10. In the second substrate, a soluble layer, which is an adhesive layer soluble in the liquid, is formed on the surface facing the substrate. The component mounting substrate according to claim 9, wherein the second conductive pattern is formed on the second substrate via the soluble layer.

11. The second conductive pattern is formed directly on the second substrate, The first substrate and the second substrate are bonded together via an adhesive sheet or bonding sheet. The component mounting substrate according to claim 9, wherein in the second substrate, the region encompassing the region for forming the second conductive pattern faces the missing portion through the adhesive sheet or the second missing portion formed in the adhesive sheet.

12. A component mounting substrate according to any one of claims 9 to 11, comprising at least one of a first nonwoven fabric layer disposed along the surface of the substrate opposite to the second substrate side, and a second nonwoven fabric layer disposed along the surface of the second substrate opposite to the substrate side.

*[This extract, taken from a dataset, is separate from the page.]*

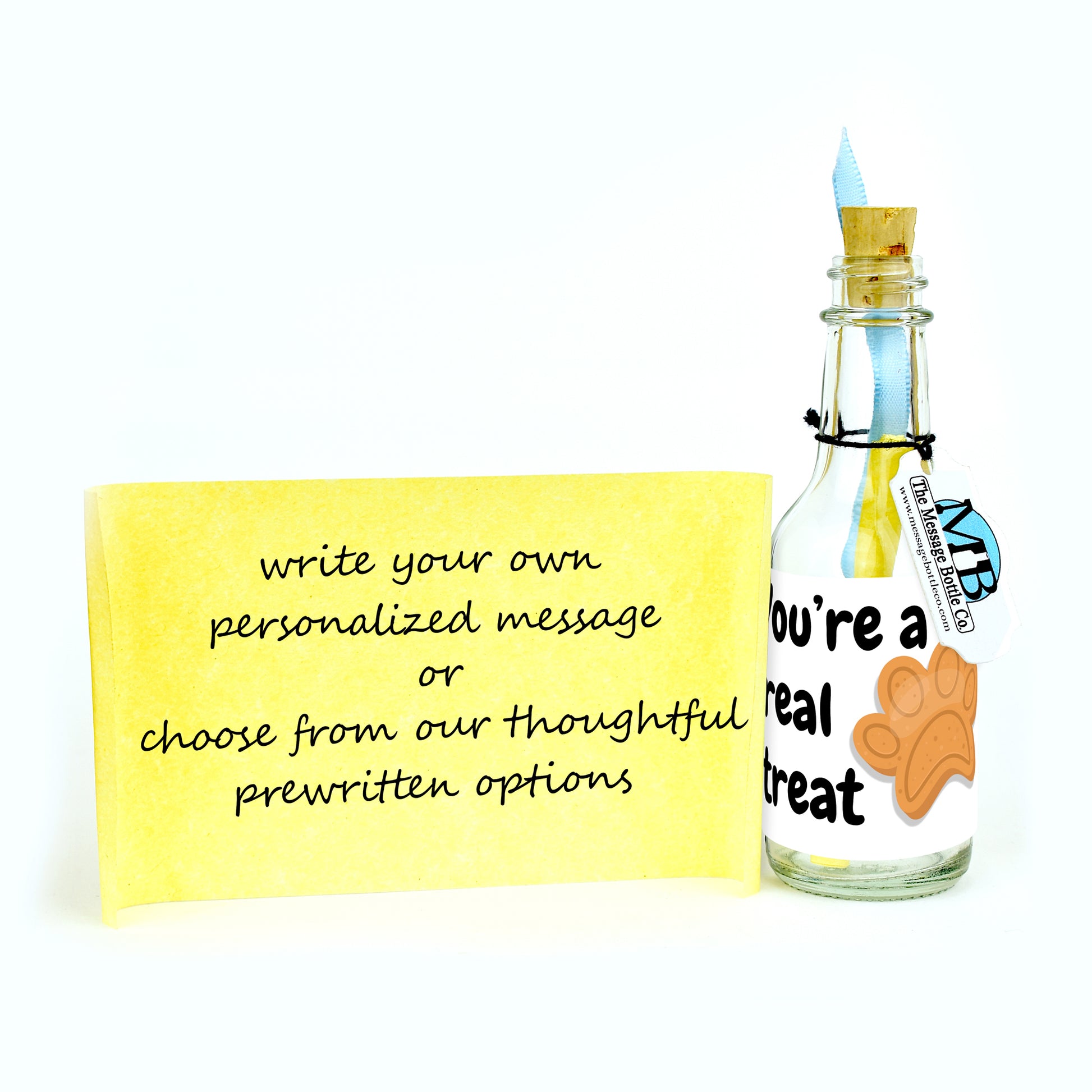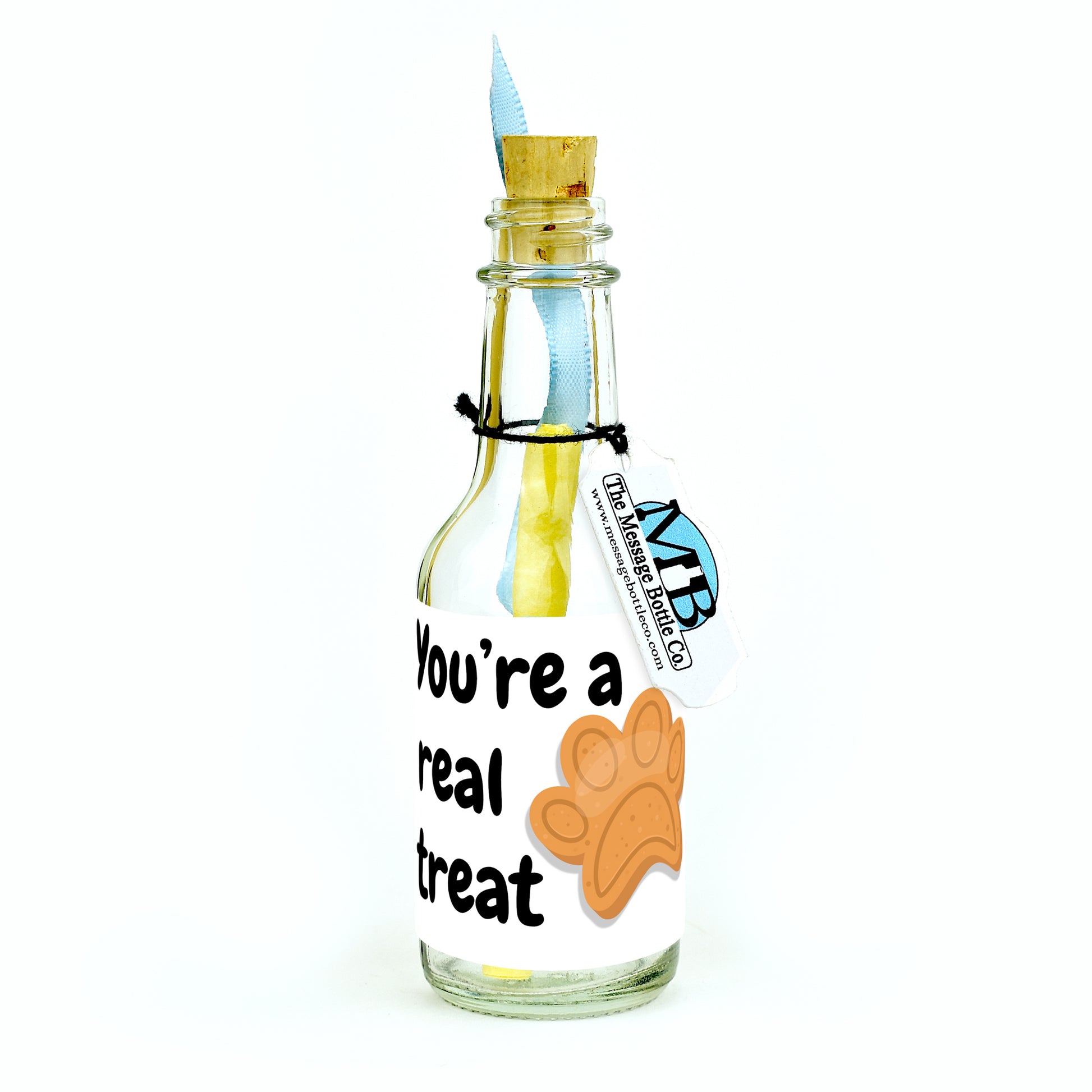 Simple, bold, and irresistibly sweet, the “Such a Treat” Message Bottle delivers gratitude with a smile. A large cartoon pet treat takes center stage against a crisp white background, creating a clean yet playful design that instantly brightens anyone’s day.

13. The component mounting substrate according to claim 12, wherein an adhesive sheet is provided on at least one of the surfaces of the first nonwoven fabric layer opposite to the substrate side and the surfaces of the second nonwoven fabric layer opposite to the second substrate side.

14. The component mounting substrate according to any one of claims 1 to 8, wherein a soluble layer that is soluble in the liquid is formed on the surface of the substrate opposite to the surface on which the first conductive pattern is formed.

15. A component mounting substrate according to any one of claims 1 to 14, wherein the position of the end of the first conductive pattern coincides with the position of the end of the missing portion.

16. The component mounting substrate according to any one of claims 1 to 14, wherein in the first conductive pattern, the end adjacent to the missing portion is spaced apart from the end of the missing portion.